YOUR ASSIGNMENT:
With the pictures removed, write out the full listing below exactly.

DATA SECTION:
=======

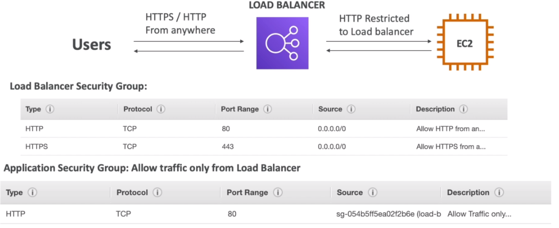 - EC2 instances (can be managed by an Auto Scaling Group) - HTTP
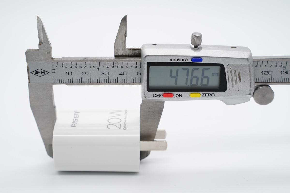 使用游标卡尺实测充电器机身长度为47.66mm。
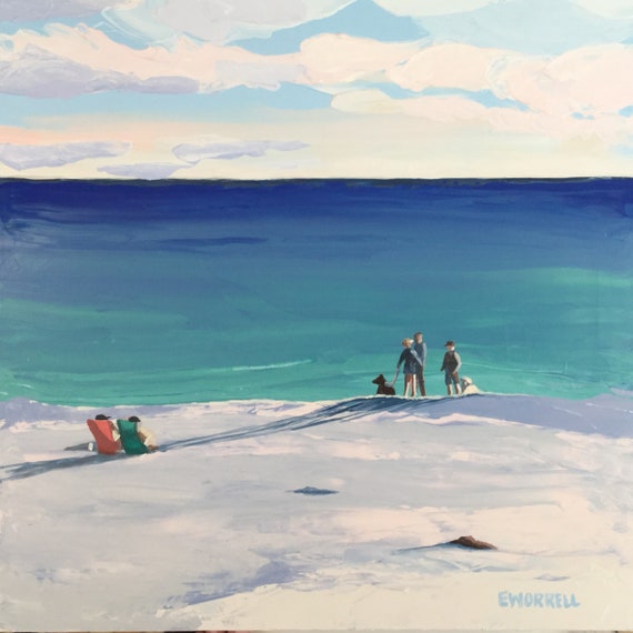 Beach Art Beach Art Decor Beach Scene Seascape Painting Of Beach Life Gulf Coast Ocean Tropical Living Beach Art Beach Art Deco Mom Gift - View Full Image
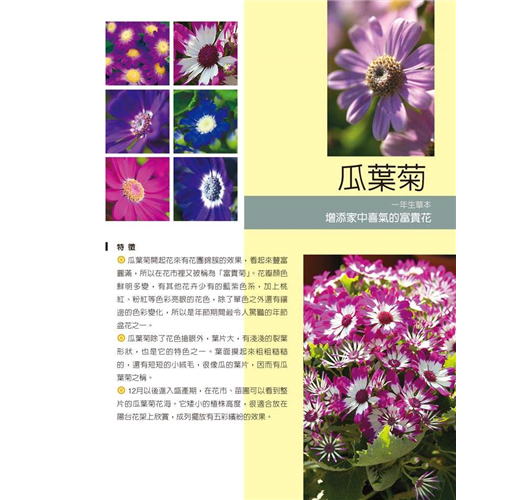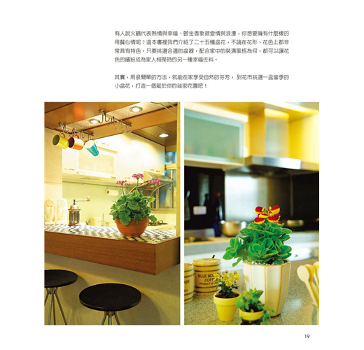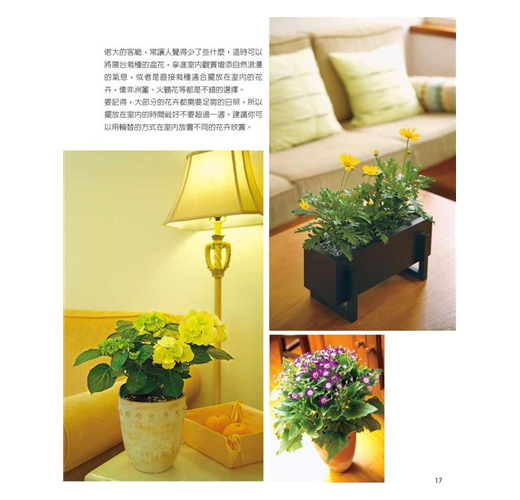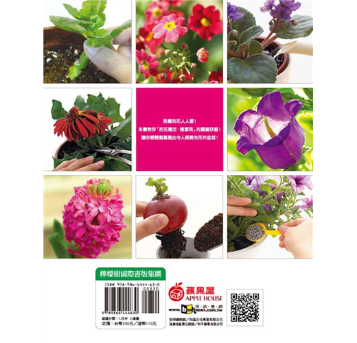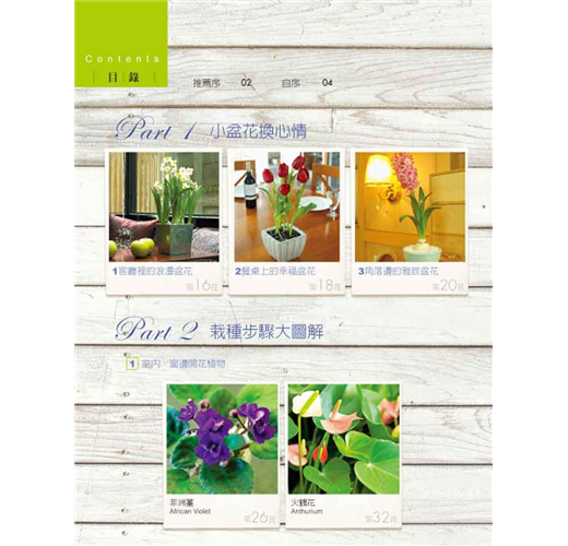 本書上百張的全彩精美圖片,閱讀起來賞心悅目,更能用之實踐於種花的每一刻,由你親手栽種的美麗的盆栽花朵,不但能佈置居家,更能改造心情,讓人感到心曠神怡。

=======

OUTPUT FOR THIS TASK:
 - EC2 instances (can be managed by an Auto Scaling Group) - HTTP
 使用游标卡尺实测充电器机身长度为47.66mm。
 Beach Art Beach Art Decor Beach Scene Seascape Painting Of Beach Life Gulf Coast Ocean Tropical Living Beach Art Beach Art Deco Mom Gift - View Full Image
 本書上百張的全彩精美圖片,閱讀起來賞心悅目,更能用之實踐於種花的每一刻,由你親手栽種的美麗的盆栽花朵,不但能佈置居家,更能改造心情,讓人感到心曠神怡。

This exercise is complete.